To query the state of a resource, use puppet resource <type> <name>:

$ puppet resource user root
user { 'root':
  ensure   => 'present',
  comment  => 'System Administrator',
  gid      => '0',
  groups   => ['admin', 'certusers', 'daemon', 'kmem', 'operator', 'procmod', 'procview', 'staff', 'sys', 'tty', 'wheel'],
  home     => '/var/root',
  password => '*',
  shell    => '/bin/sh',
  uid      => '0',
}

puppet resource can also be used as a shorthand for puppet apply. The following are equivalent:

$ puppet apply -e \
 "package { 'bind-utils': ensure => 'present', }"

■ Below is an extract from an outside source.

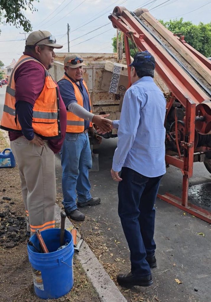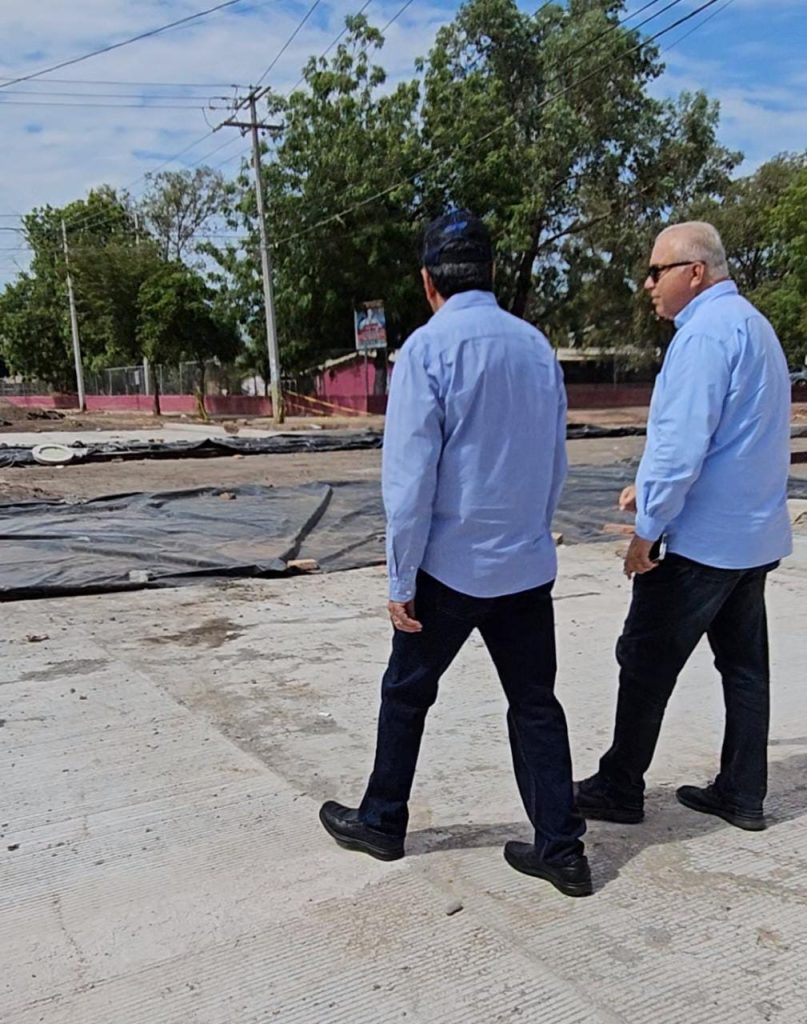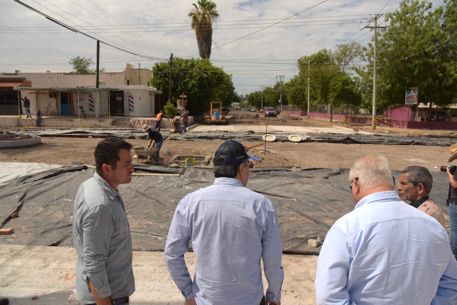 +Tras la primera lluvia registrada en Cajeme, el Alcalde verifica la continuidad en los trabajos de pavimentación de vialidades
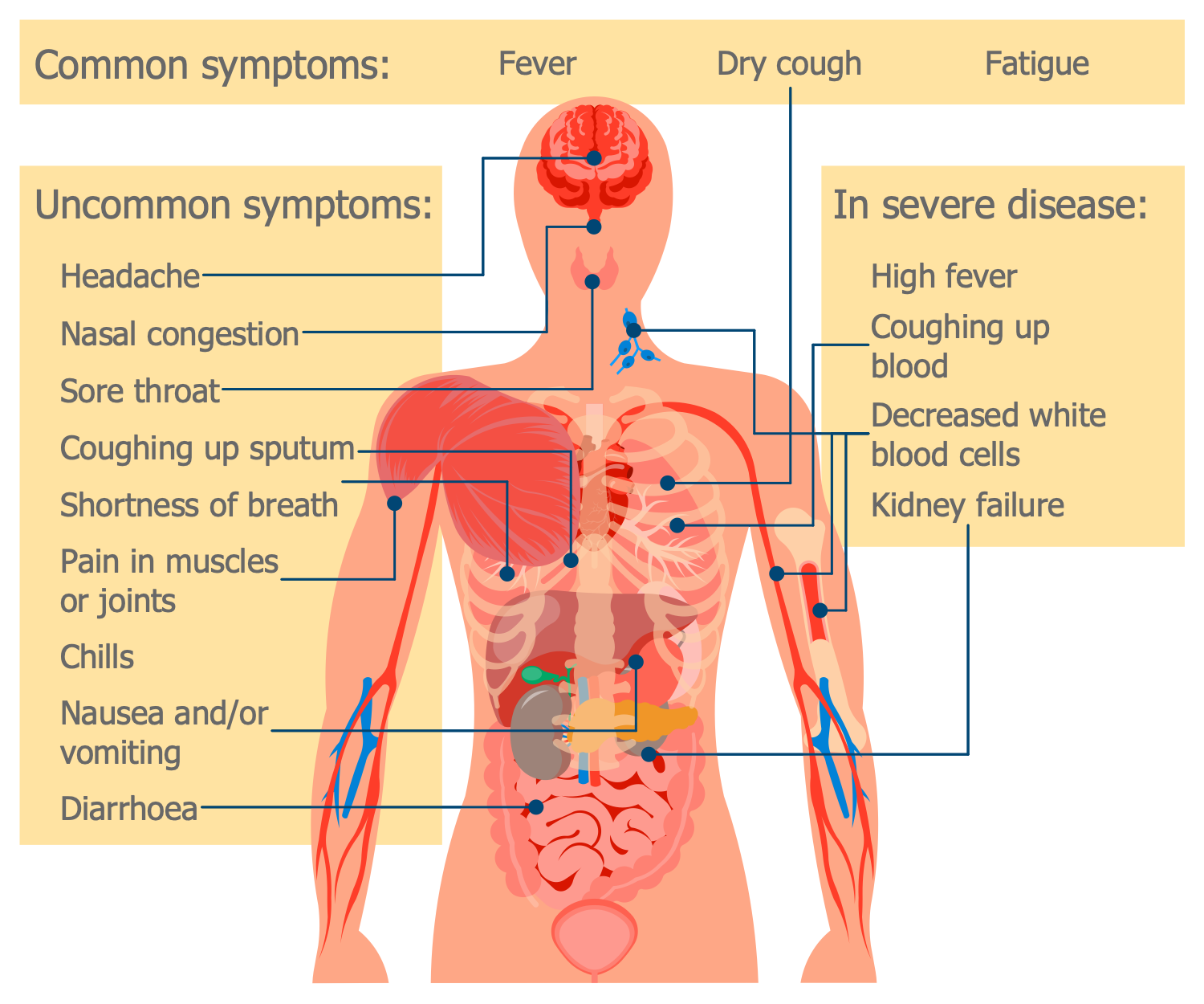 COVID-19 or Coronavirus disease 2019 is an infectious disease first identified in December 2019 in Wuhan, China. It was caused by severe acute respiratory syndrome coronavirus 2 (SARS-CoV-2) and resulted the worldwide pandemic. The symptoms of COVID-19 are listed in this visual sample. Among the most common are fever, dry cough, and fatigue. However were also noticed some uncommon symptoms, like headache, nasal congestion, sore throat, coughing up sputum, shortness of breath, pain in muscles or joints, chills, nausea and/or vomiting, diarrhea (diarrhoea). The disease may proceed with different degrees of gravity, in severe disease cases were fixed high fever, coughing up blood, decreased white blood cells, and kidney failure. The use of clipart representing a human's internal structure allows reflecting the correspondence of specific symptoms to the organs where they occur. This diagram clearly explains all the symptoms of CoV and is easy to understand, so it is ideal for informing people, it can be used to immediately identify a disease and make a correct diagnosis.

$ puppet resource package bind-utils ensure=present

It can even modify existing resources interactively using the --edit option:

puppet lookup

puppet lookup examines data in Hiera.

$ puppet help lookup

puppet-lookup(8) -- Interactive Hiera lookup
========

SYNOPSIS
--------
Does Hiera lookups from the command line.

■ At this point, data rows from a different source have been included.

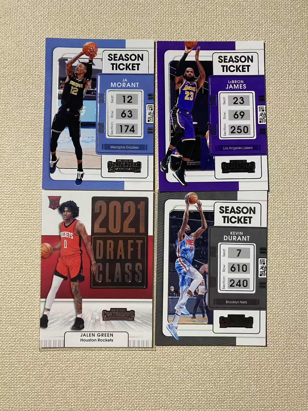 2021-22 Panini Contenders 多球员 球票 詹姆斯 杜兰特 莫兰特 杰伦 格林 新秀 draft class特卡 大小王 湖人 火箭 灰熊 篮网 4张lot 不到付 不累计(肾)
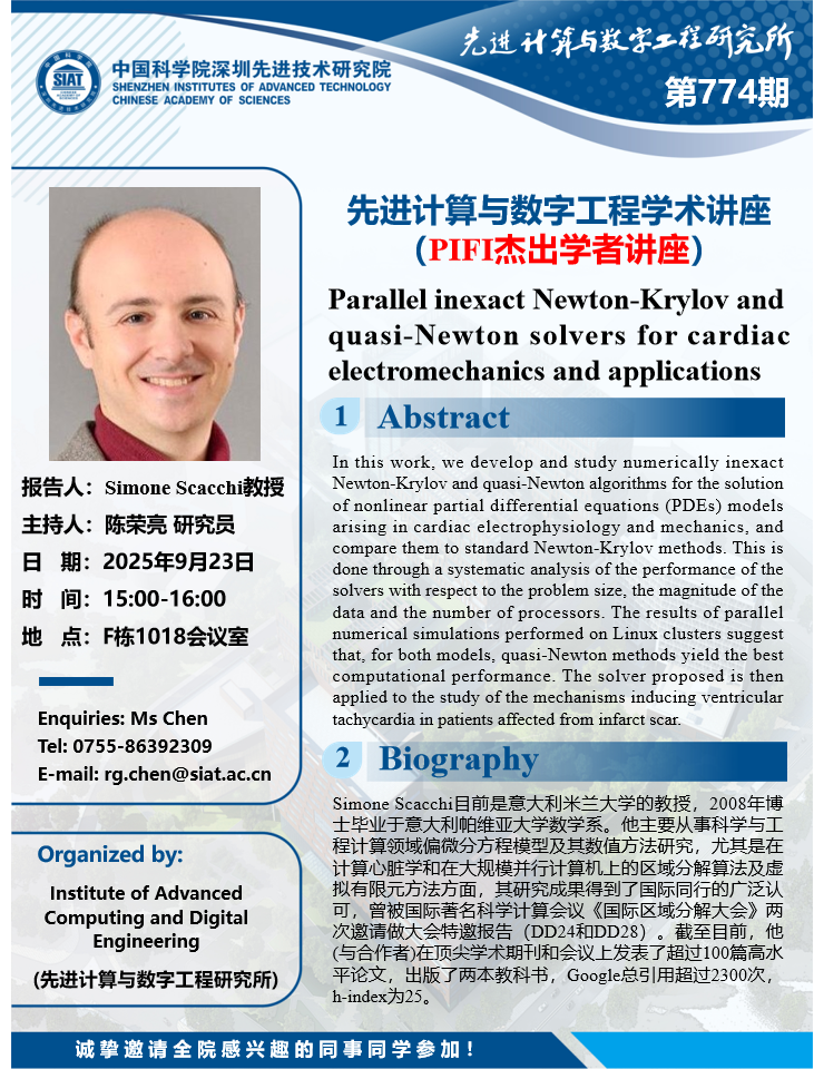 数字所/计算机学院第774期学术讲座时间改到9月22日15:30-16:30在F1018会议室举行,本次讲座将邀请意大利米兰大学 Simone Scacchi 教授作题为“Parallel inexact Newton-Krylov and quasi-Newton solvers for cardiac electromechanics and applications”的报告。
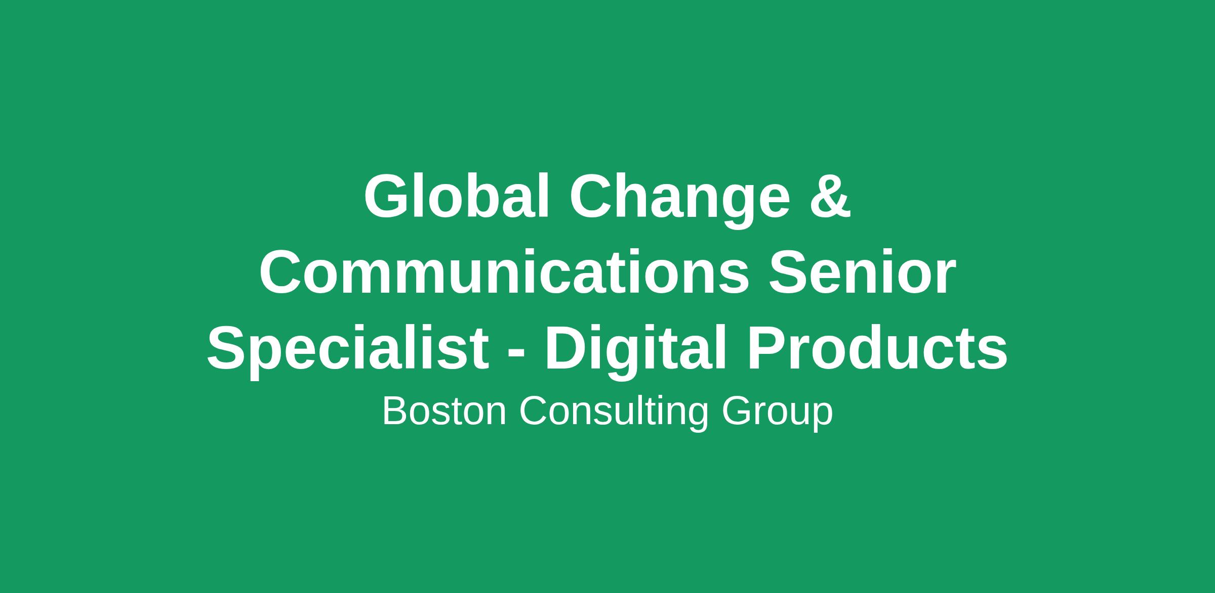 What You'll Do We are seeking a candidate to join our Change Management and Communications Center of Expertise (CoE) to support product portfolios focused on delivering our digital workforce experience to employees. This role brings change management knowledge and experience collaborating with agile product delivery teams. You will collaborate with a team of specialized experts to shape how BCG employees work, make decisions, and adopt digital products. You will partner with other change managers & specialists in the CoE to identify, use and contribute to best practices and lessons learned. Please note that this role is focused on company-internal (not client-facing) marketing, communications and change management. You are good at
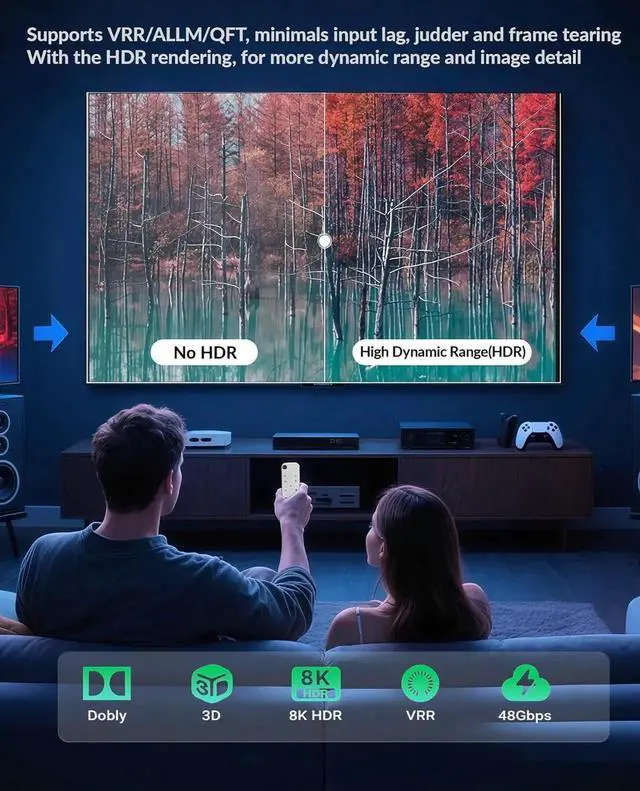 8K HDMI Switch & High Refresh: Engineered with advanced HDMI2.1 technology, this 4K 240Hz HDMI switch supports breathtaking resolutions including 8K@60Hz and 4K@240Hz, along with backward compatibility for 4K@120Hz and lower. Enjoy buttery-smooth gameplay and immersive visuals with support for VRR, HDR10+, Dolby Atmos, 3D, and HDCP 2.3. Note: For optimal performance, use HDMI cables under 2M and ensure source and display devices support HDMI 2.1.
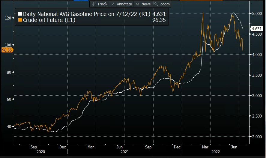 Per quanto riguarda il settore energy, era scontato un forte contributo della categoria al CPI di Giugno visto il nuovo massimo del costo della benzina alla pompa in USA nella prima parte del mese. Ma i venti di recessione stanno impattando anche sui combustibili e questo si inizia già a vedere nei prezzi come mostra il seguente grafico che confronta il “future” sul petrolio (oil) e benzina (gasoline):
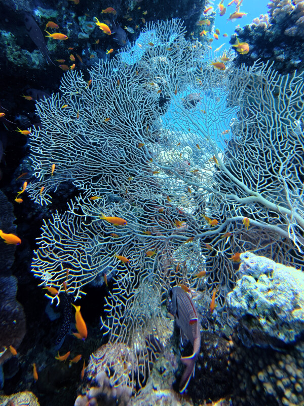 Der zweite Spot lag direkt daneben: Shaab Dorfa. Somit war die Fahrt recht kurz. Auch dort wurde ein Drift gemacht, und aus einem Drift zur Leine wurde ein Drift Pick Up. Entlang des Riffs begleiteten uns erneut zahlreiche bunte Rifffische, darunter Papageienfische, Doktorfische und ein paar flinke Flötenfische. Mit etwas Glück erspähten wir außerdem einen Barrakuda in der Ferne sowie einen kleinen Schwarm Glasfische, der im Licht funkelte. Zufrieden nach einem tollen Tauchtag begaben wir uns auf den Rückweg und ließen den Abend im Shaab Stella ausklingen.

Since this command needs access to your Hiera data, make sure to run it on a
node that has a copy of that data. This usually means logging into a Puppet
Server node and running 'puppet lookup' with sudo.

The most common version of this command is:

'puppet lookup <KEY> --node <NAME> --environment <ENV> --explain'

USAGE
-----
puppet lookup [--help] [--type <TYPESTRING>] [--merge first|unique|hash|deep]
  [--knock-out-prefix <PREFIX-STRING>] [--sort-merged-arrays]
  [--merge-hash-arrays] [--explain] [--environment <ENV>]
  [--default <VALUE>] [--node <NODE-NAME>] [--facts <FILE>]
  [--compile]
  [--render-as s|json|yaml|binary|msgpack] <keys>

You will use puppet lookup hands-on in the exercises.

puppet module

puppet module installs and upgrades modules, generates new modules, and more.

# puppet help module

USAGE: puppet module <action> [--environment production ] [--modulepath  ]

This subcommand can find, install, and manage modules from the Puppet Forge,
a repository of user-contributed Puppet code. It can also generate empty
modules, and prepare locally developed modules for release on the Forge.

ACTIONS:
  build        Build a module release package.
  changes      Show modified files of an installed module.
  generate     Generate boilerplate for a new module.
  install      Install a module from the Puppet Forge or a release archive.
  list         List installed modules
  search       Search the Puppet Forge for a module.
  uninstall    Uninstall a puppet module.
  upgrade      Upgrade a puppet module.

Many functions of puppet module have been superseded by other tools, but it is still very useful for installing a module from the Forge locally — for testing or for use with puppet apply.

Try it yourself

Install the puppet-r10k module into the current directory:

$ puppet module install puppet-r10k --modulepath .

puppet parser

puppet parser validate <manifest> can be used as a simple correctness check.

# puppet help parser

USAGE: puppet parser <action>

Interact directly with the parser.

OPTIONS:
  --render-as FORMAT             - The rendering format to use.
  --verbose                      - Whether to log verbosely.
  --debug                        - Whether to log debug information.

ACTIONS:
  dump        Outputs a dump of the internal parse tree for debugging
  validate    Validate the syntax of one or more Puppet manifests.

See 'puppet man parser' or 'man puppet-parser' for full help.